Note that you may get a better score with a different parameter setting. See the Pharaoh manual for more details.
The phrase translation table is very big (1.3 GB), which may pose problems for running the decoder on a machine with little RAM. However, for a given test corpus, only a fraction of that table is needed.

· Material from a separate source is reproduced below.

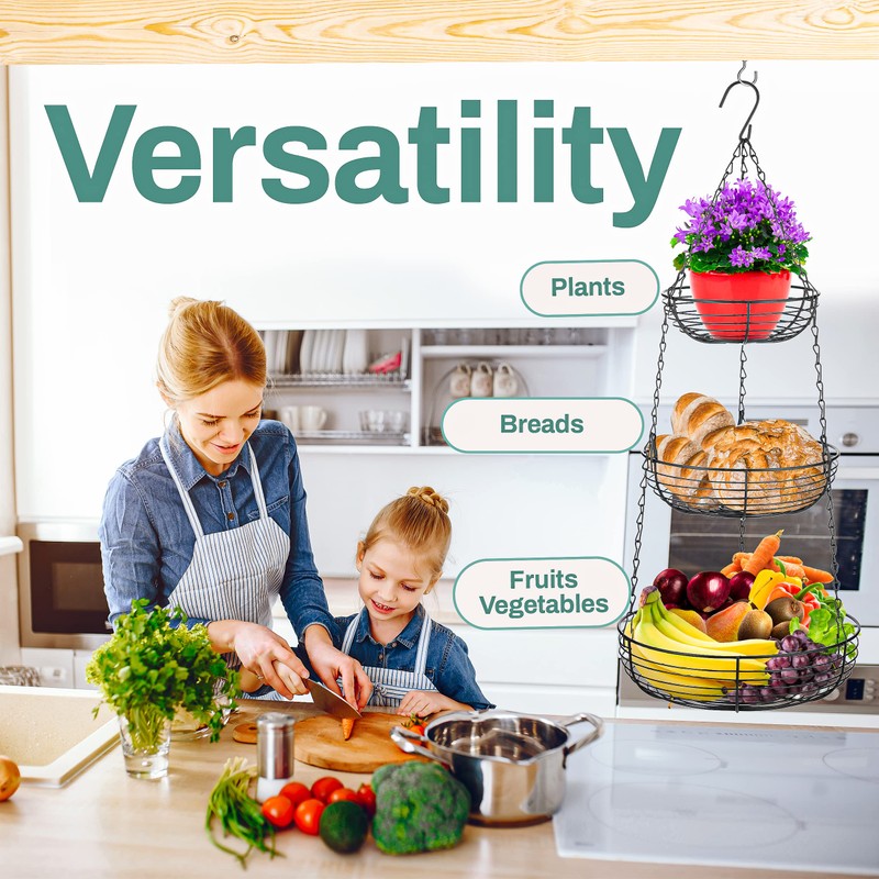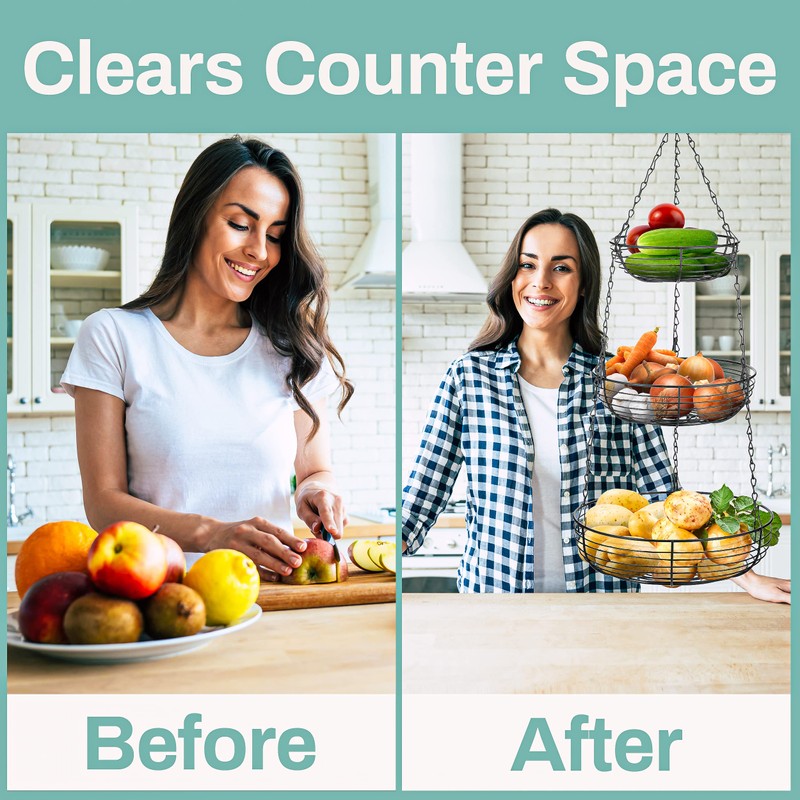 The Home Intuition three tiered hanging basket, sturdy iron wire is ideal for storing fruits, vegetables, food goods, and other kitchen items. The extra storage maximizes kitchen area and prevents counter top clutter.
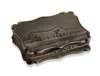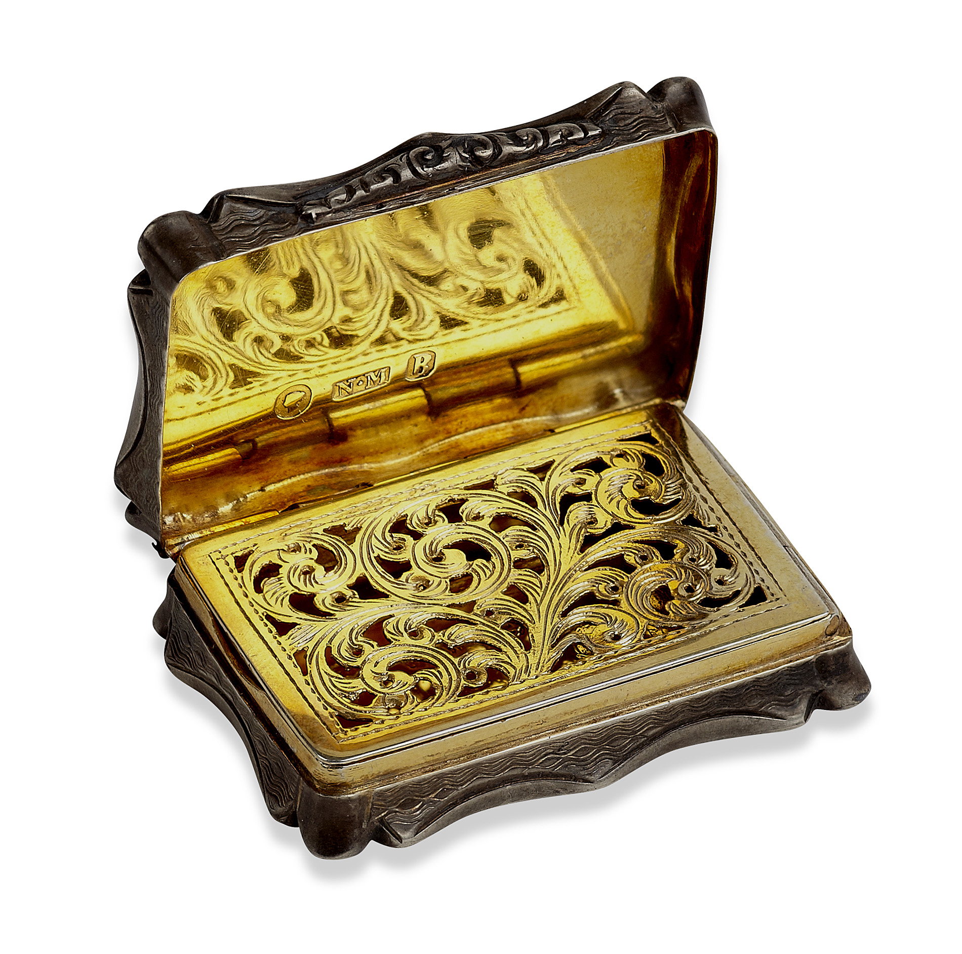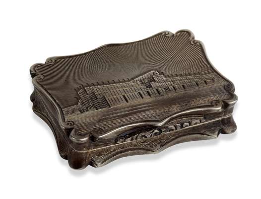Nathaniel Mills, Birmingham 1850, of shaped rectangular outline with engraved scene of Crystal Palace, the base with engine decoration and vacant scroll formed cartouche, the gilt interior with hinged pieced foliate grill

The script run-filtered-pharaoh.perl filters the phrase table for needed entries and runs the decoder on a filtered translation table (104 MB).
Its syntax is:
run-filtered-pharaoh.perl FILTER-DIR DECODE CONFIG TESTSET DECODER-PARAMETERS
For instance:
run-filtered-pharaoh.perl filtered.fr pharaoh pharaoh.fr.ini test2000.fr.lowercase "-monotone" > test2000.fr.out.monotone
You are now set to download the parallel corpora and build your own phrase translation table.